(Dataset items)
● ● ● ● ● ● ●

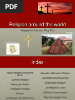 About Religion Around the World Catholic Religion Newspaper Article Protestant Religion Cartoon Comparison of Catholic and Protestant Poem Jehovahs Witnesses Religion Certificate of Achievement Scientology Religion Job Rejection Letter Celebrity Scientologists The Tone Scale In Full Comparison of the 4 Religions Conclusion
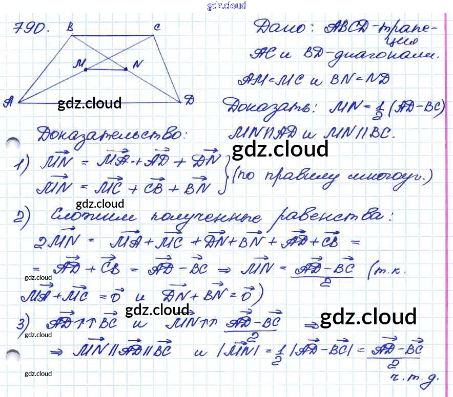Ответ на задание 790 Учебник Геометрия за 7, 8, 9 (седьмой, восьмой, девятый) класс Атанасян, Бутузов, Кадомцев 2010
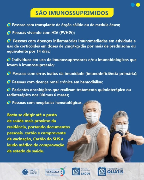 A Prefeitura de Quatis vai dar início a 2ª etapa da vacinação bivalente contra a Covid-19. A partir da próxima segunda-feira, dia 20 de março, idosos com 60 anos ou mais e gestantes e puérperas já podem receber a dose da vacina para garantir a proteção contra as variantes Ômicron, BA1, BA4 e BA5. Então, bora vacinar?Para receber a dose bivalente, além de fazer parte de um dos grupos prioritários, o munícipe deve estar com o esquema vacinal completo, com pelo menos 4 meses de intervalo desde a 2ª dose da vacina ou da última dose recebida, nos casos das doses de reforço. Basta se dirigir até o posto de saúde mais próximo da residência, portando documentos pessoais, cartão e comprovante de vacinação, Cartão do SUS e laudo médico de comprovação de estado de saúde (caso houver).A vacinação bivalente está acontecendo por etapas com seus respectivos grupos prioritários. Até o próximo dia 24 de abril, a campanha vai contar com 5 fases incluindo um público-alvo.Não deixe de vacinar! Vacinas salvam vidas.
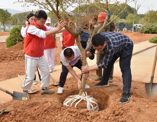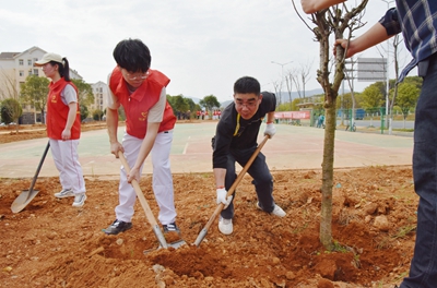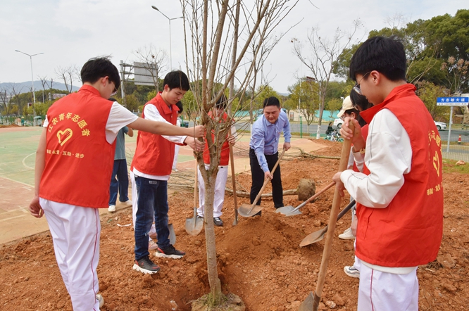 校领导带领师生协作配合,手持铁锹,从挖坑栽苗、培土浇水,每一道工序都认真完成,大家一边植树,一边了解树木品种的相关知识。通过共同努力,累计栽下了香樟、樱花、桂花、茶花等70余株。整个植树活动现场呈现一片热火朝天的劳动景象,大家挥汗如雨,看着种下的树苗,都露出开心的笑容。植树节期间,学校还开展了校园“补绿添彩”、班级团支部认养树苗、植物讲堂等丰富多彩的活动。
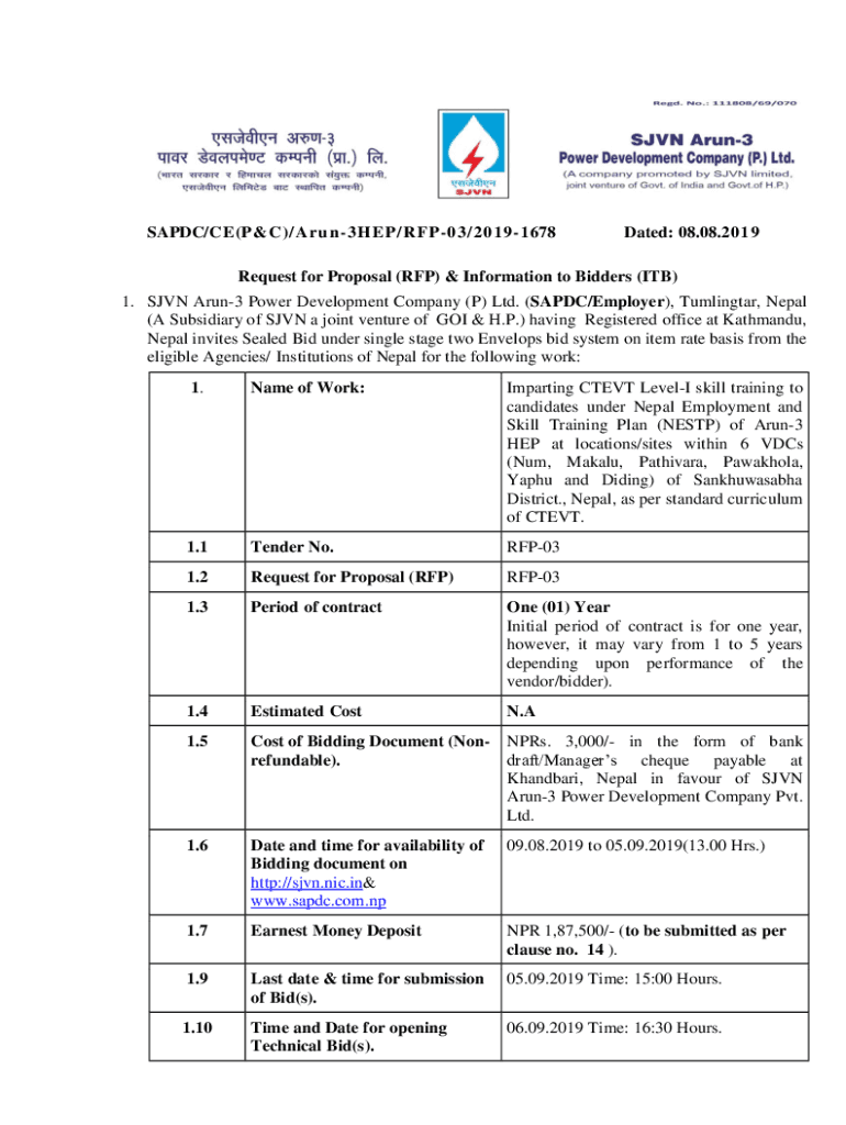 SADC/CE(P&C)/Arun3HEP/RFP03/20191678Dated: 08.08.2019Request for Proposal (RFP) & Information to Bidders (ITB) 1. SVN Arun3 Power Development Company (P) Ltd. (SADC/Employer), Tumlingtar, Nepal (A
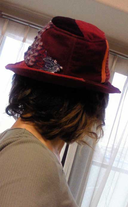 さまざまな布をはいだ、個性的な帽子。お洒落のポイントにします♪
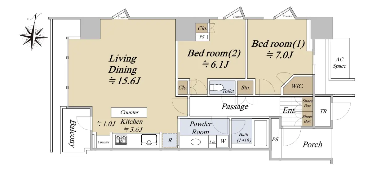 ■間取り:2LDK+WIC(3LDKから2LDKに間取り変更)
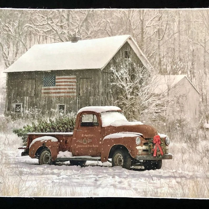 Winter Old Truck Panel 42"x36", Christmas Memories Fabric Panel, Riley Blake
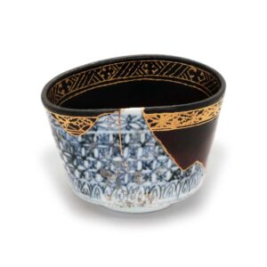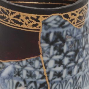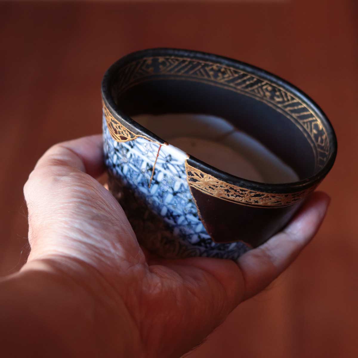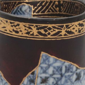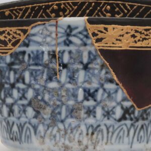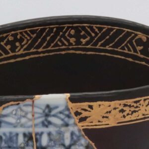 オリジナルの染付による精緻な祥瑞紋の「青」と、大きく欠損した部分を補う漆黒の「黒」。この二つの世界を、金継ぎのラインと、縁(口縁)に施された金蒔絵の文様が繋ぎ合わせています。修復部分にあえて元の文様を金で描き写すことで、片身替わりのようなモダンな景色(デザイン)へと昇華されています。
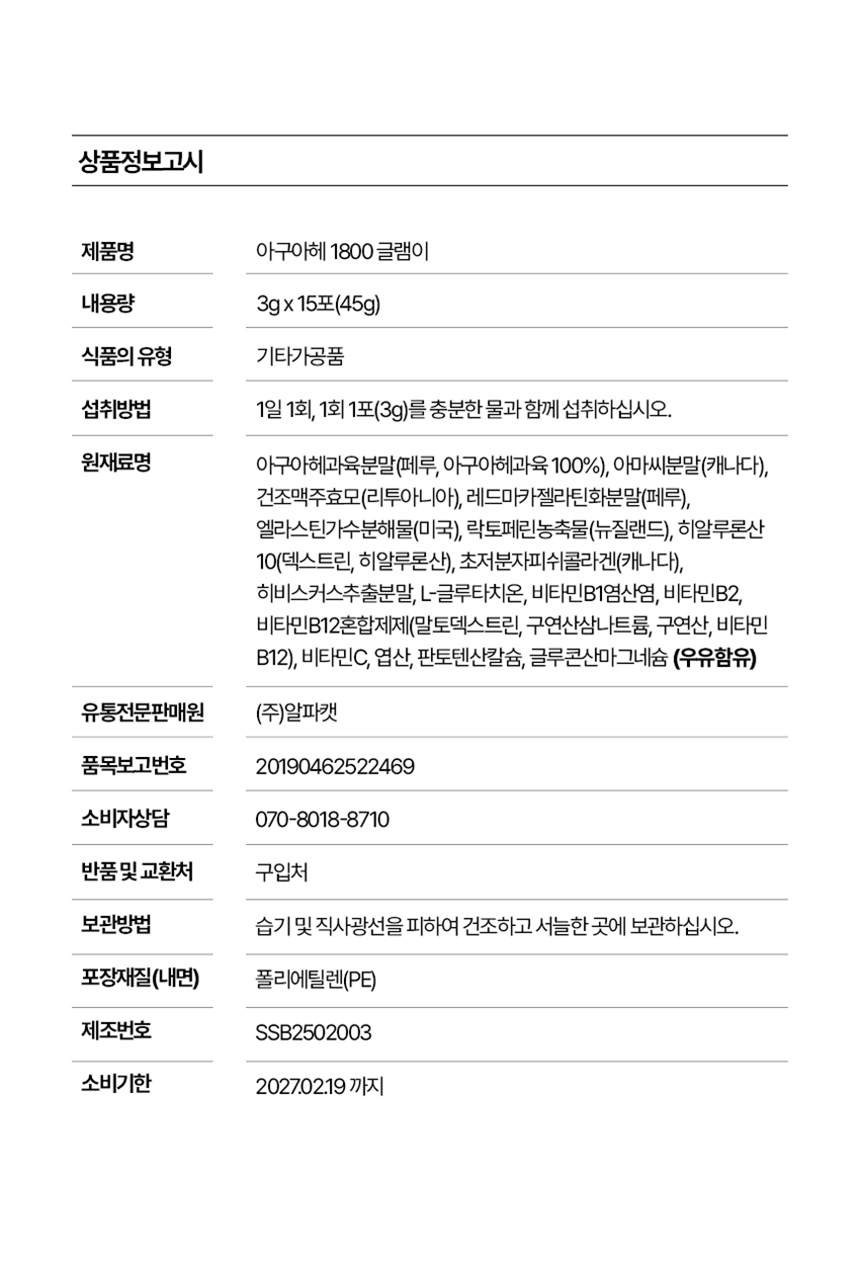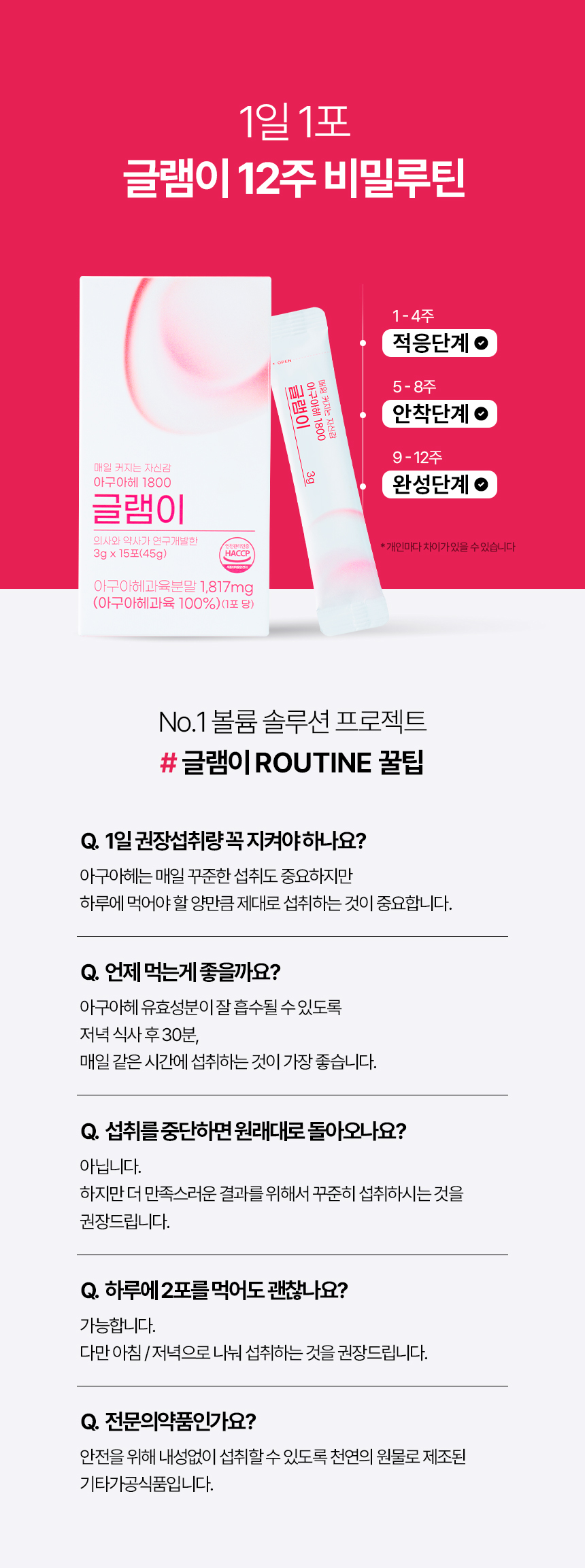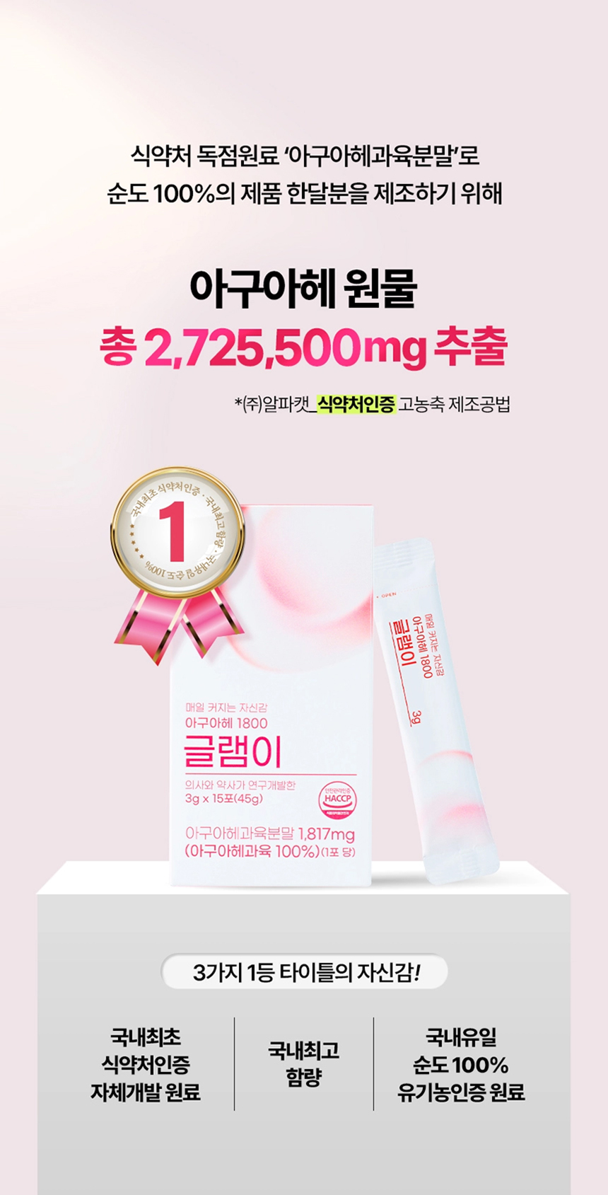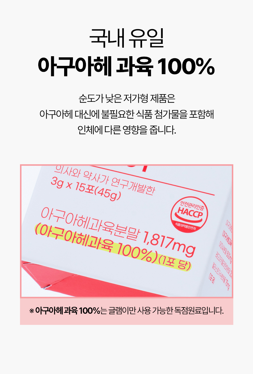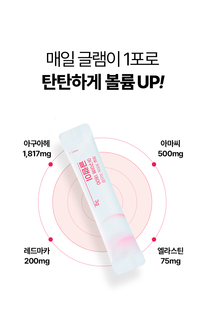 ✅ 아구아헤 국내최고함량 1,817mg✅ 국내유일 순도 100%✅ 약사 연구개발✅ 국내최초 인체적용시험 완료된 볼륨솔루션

● ● ● ● ● ● ●

Retype, word for word, the lines from the one with "Winter Old Truck" through the last line of the entries above, and only those lines. Leave pictures out.

The answer —
 Winter Old Truck Panel 42"x36", Christmas Memories Fabric Panel, Riley Blake
 オリジナルの染付による精緻な祥瑞紋の「青」と、大きく欠損した部分を補う漆黒の「黒」。この二つの世界を、金継ぎのラインと、縁(口縁)に施された金蒔絵の文様が繋ぎ合わせています。修復部分にあえて元の文様を金で描き写すことで、片身替わりのようなモダンな景色(デザイン)へと昇華されています。
 ✅ 아구아헤 국내최고함량 1,817mg✅ 국내유일 순도 100%✅ 약사 연구개발✅ 국내최초 인체적용시험 완료된 볼륨솔루션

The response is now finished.